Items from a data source
BEGIN

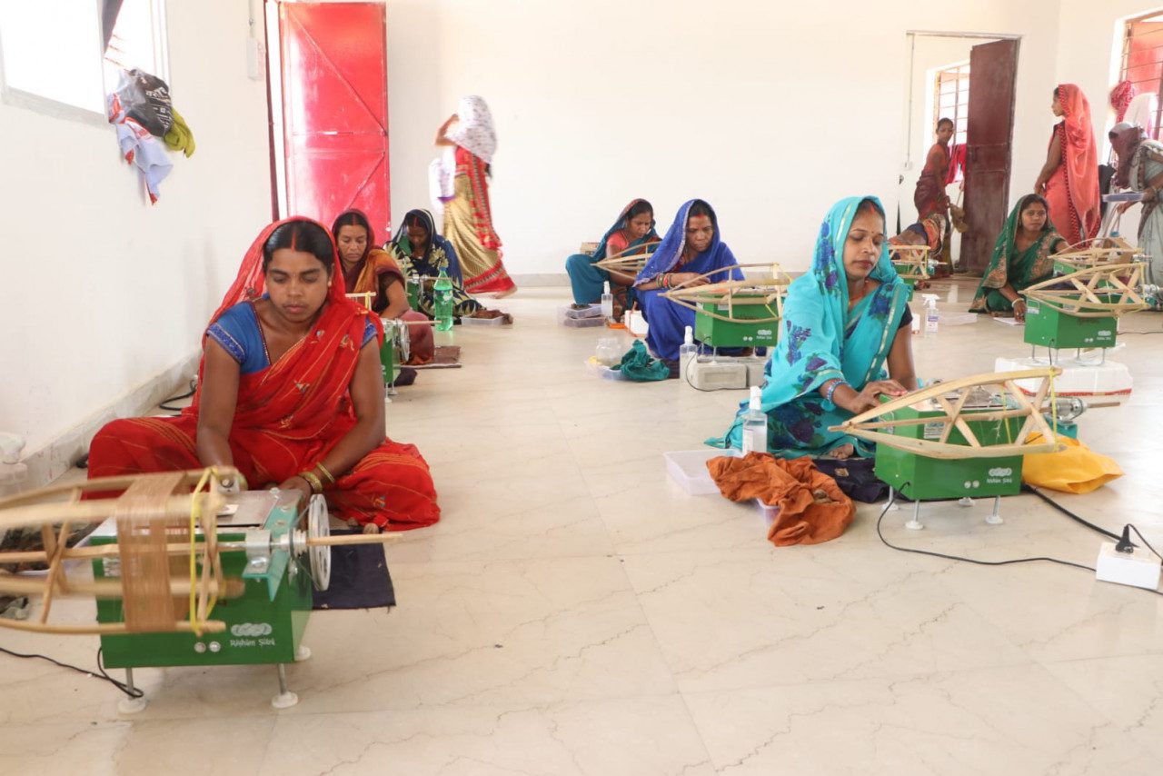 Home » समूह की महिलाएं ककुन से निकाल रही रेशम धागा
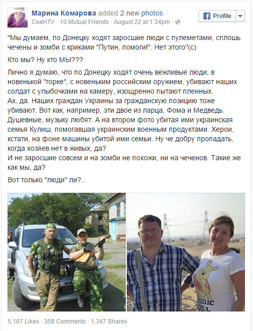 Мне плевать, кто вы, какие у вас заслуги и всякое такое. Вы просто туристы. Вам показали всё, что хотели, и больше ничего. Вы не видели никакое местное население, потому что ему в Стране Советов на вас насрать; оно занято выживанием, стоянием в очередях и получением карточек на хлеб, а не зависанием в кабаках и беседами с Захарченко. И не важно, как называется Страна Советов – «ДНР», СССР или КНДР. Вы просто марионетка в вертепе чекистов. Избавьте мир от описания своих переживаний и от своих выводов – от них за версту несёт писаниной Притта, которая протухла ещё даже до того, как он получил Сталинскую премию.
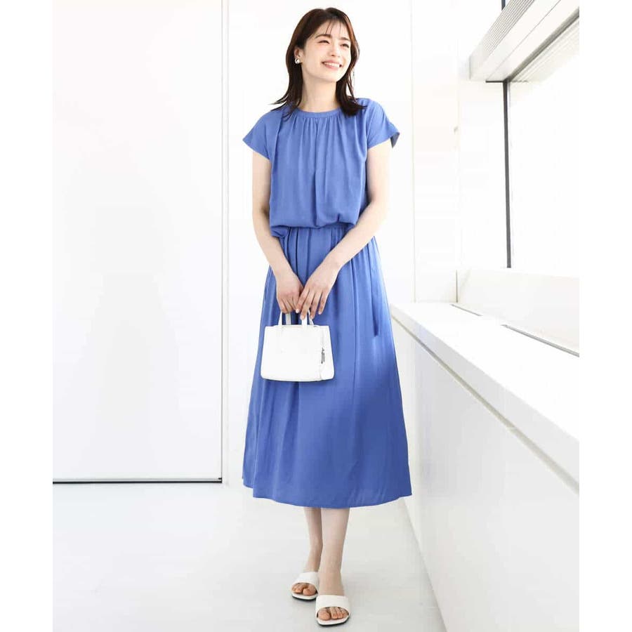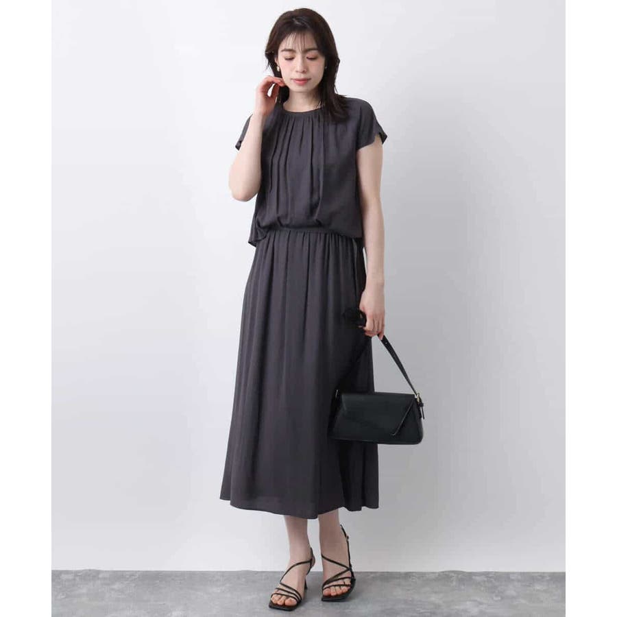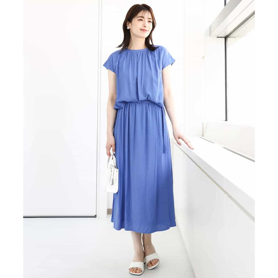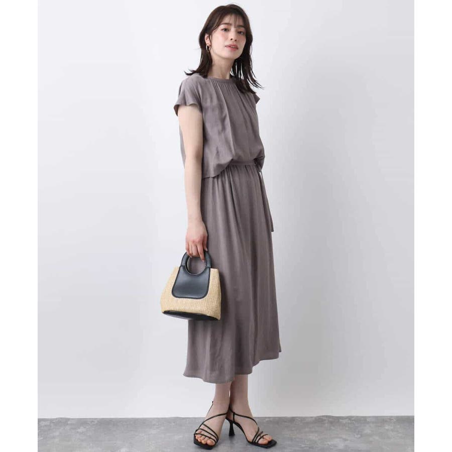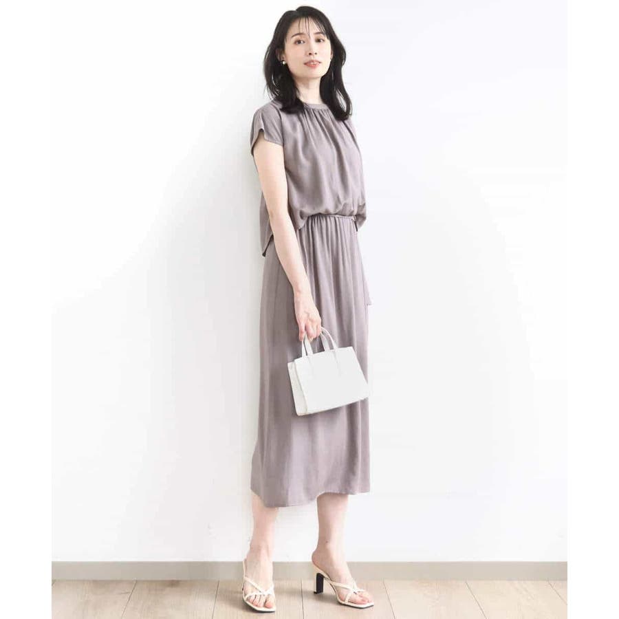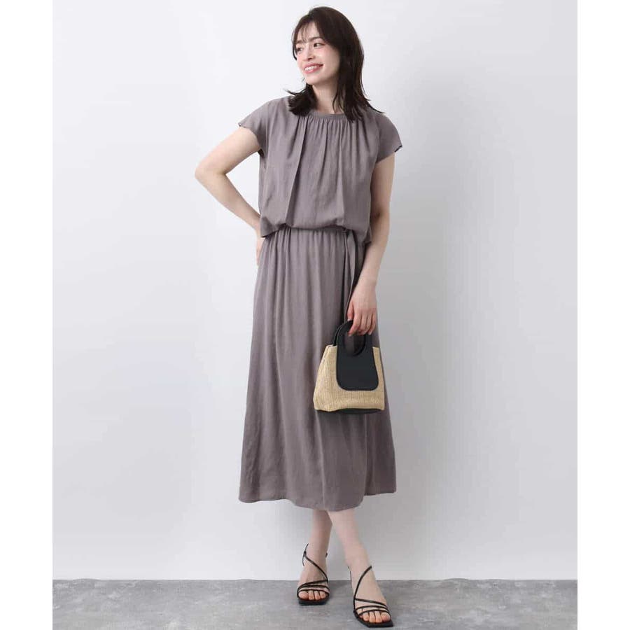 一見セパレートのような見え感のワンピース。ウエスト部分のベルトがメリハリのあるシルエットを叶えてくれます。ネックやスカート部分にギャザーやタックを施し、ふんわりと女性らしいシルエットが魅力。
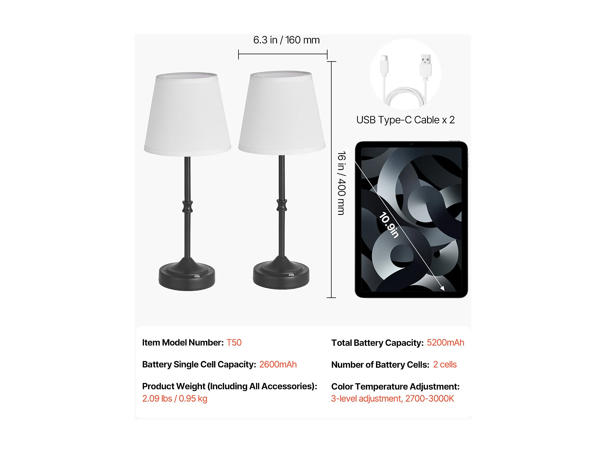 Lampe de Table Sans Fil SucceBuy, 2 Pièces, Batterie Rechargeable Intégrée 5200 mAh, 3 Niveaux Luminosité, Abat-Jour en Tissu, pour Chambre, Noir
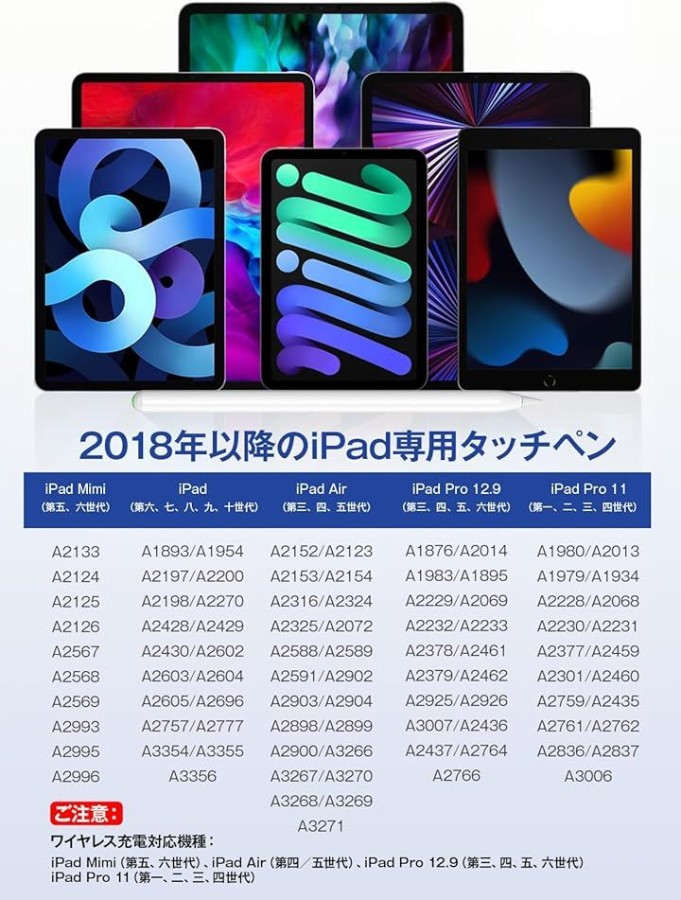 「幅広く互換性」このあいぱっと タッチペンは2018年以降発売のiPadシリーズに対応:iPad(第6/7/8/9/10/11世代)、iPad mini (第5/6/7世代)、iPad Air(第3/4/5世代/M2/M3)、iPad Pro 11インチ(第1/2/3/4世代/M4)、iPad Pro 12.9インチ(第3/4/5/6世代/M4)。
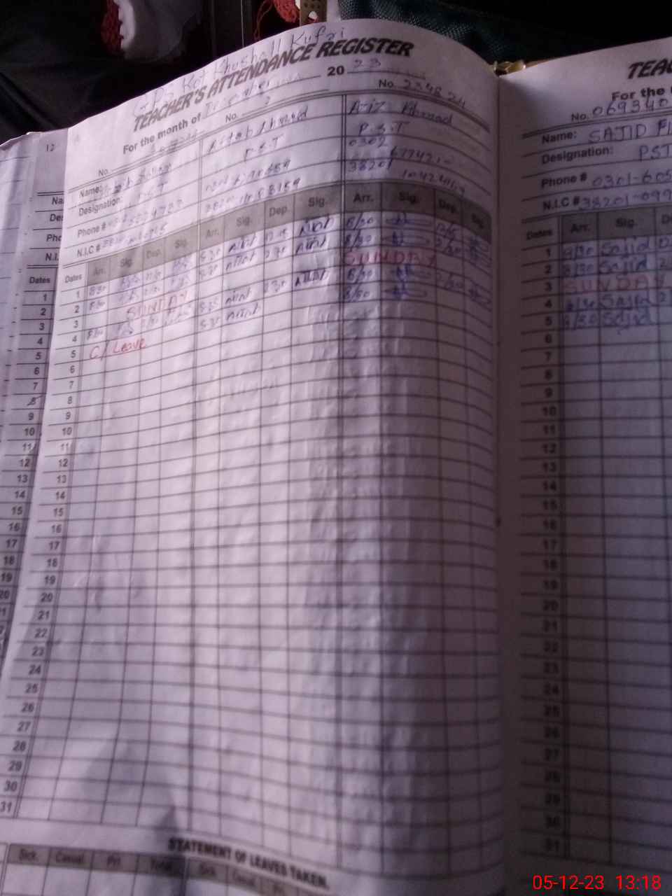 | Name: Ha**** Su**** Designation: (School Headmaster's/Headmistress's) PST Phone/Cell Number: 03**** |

END

_What the task requires_
Starting at the first line of the records and stopping after the line with "Мне плевать, кто", copy each line exactly; pictures stay out.

_Written reply_
 Home » समूह की महिलाएं ककुन से निकाल रही रेशम धागा
 Мне плевать, кто вы, какие у вас заслуги и всякое такое. Вы просто туристы. Вам показали всё, что хотели, и больше ничего. Вы не видели никакое местное население, потому что ему в Стране Советов на вас насрать; оно занято выживанием, стоянием в очередях и получением карточек на хлеб, а не зависанием в кабаках и беседами с Захарченко. И не важно, как называется Страна Советов – «ДНР», СССР или КНДР. Вы просто марионетка в вертепе чекистов. Избавьте мир от описания своих переживаний и от своих выводов – от них за версту несёт писаниной Притта, которая протухла ещё даже до того, как он получил Сталинскую премию.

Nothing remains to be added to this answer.